Many states have implied consent laws stating that a motorist driving on public roads has tacitly agreed to take a chemical test for alcohol after an arrest for DUI. Refusing to take the test generally results in an automatic suspension of the person’s driver’s license. West Virginia has one of the strictest implied consent laws in the country: a person who refuses to submit to a breathalyzer or other chemical test risks having his license suspended from 45 days to the rest of his life. A second refusal can result in a license revocation for five to 10 years, and a third refusal results in a lifetime revocation.
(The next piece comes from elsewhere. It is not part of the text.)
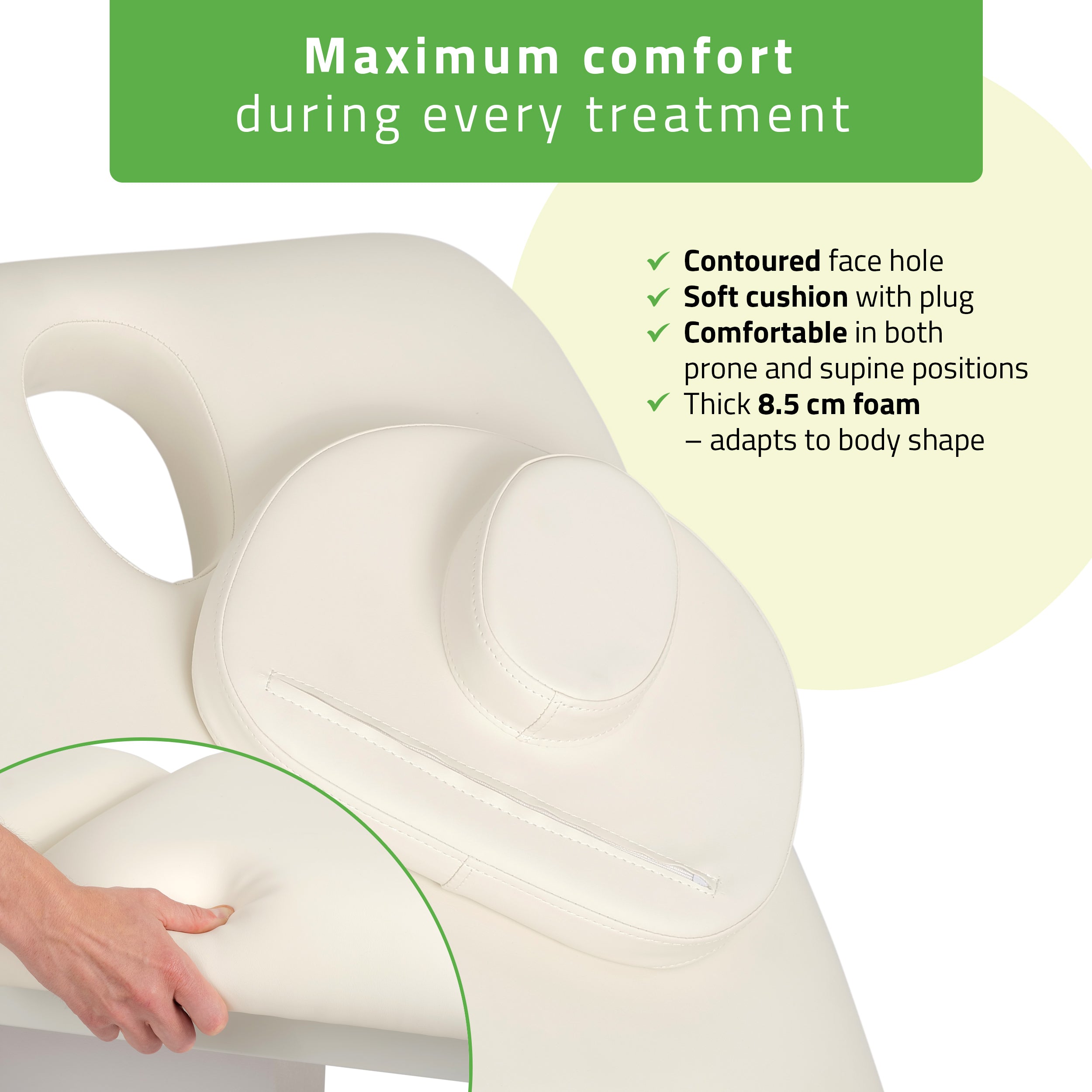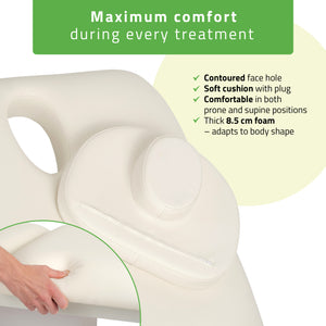Specially designed facial opening with a removable, soft cushion for comfortable prone positioning.

West Virginia Code §17C-5-4 requires a driver pulled over by an officer who has “reasonable cause” to suspect DUI to submit to a preliminary breath analysis. If the driver refuses to submit under these circumstances, there are no consequences, but a positive result can give an officer probable cause to make a DUI arrest.  Either way, the results of this test are not admissible in court.

However, if the officer has probable cause and makes an arrest, he or she must present the driver with “a written statement advising …[that] refusal to submit to the secondary chemical test … will result in the revocation of his or her license to operate a motor vehicle in this state for a period of at least forty-five days and up to life.”

The results of the secondary test of breath, blood, or urine are admissible in court. This is not a field test; it takes place at the police station and is administered by a specially trained officer who is certified by the Bureau for Public Health.

Now, suppose you refused the secondary test. Would you have any defenses to a lifetime license suspension?  Two defenses are possible:

  • The arrest lacked probable cause — The law only goes into effect after a valid arrest. If you were clearly sober and the officer was simply harassing you, you could legally refuse the test.
  • The officer did not inform you of the consequences of refusing the test — The law requires written notice, not just an oral warning. However, the courts are not overly sympathetic to drivers who claim they weren’t given notice, and it would be very difficult to prove the officer did not comply with the notice requirement.

A person arrested for DUI generally has little to gain and a great deal to lose from refusing to take the secondary test. West Virginia law makes it possible to be convicted of DUI without chemical test results, so you could be compounding the penalty needlessly. Of course, the precise circumstances of a driver’s arrest dictate the proper course of action, so it is always best to consult an attorney immediately before doing anything that could hurt your case.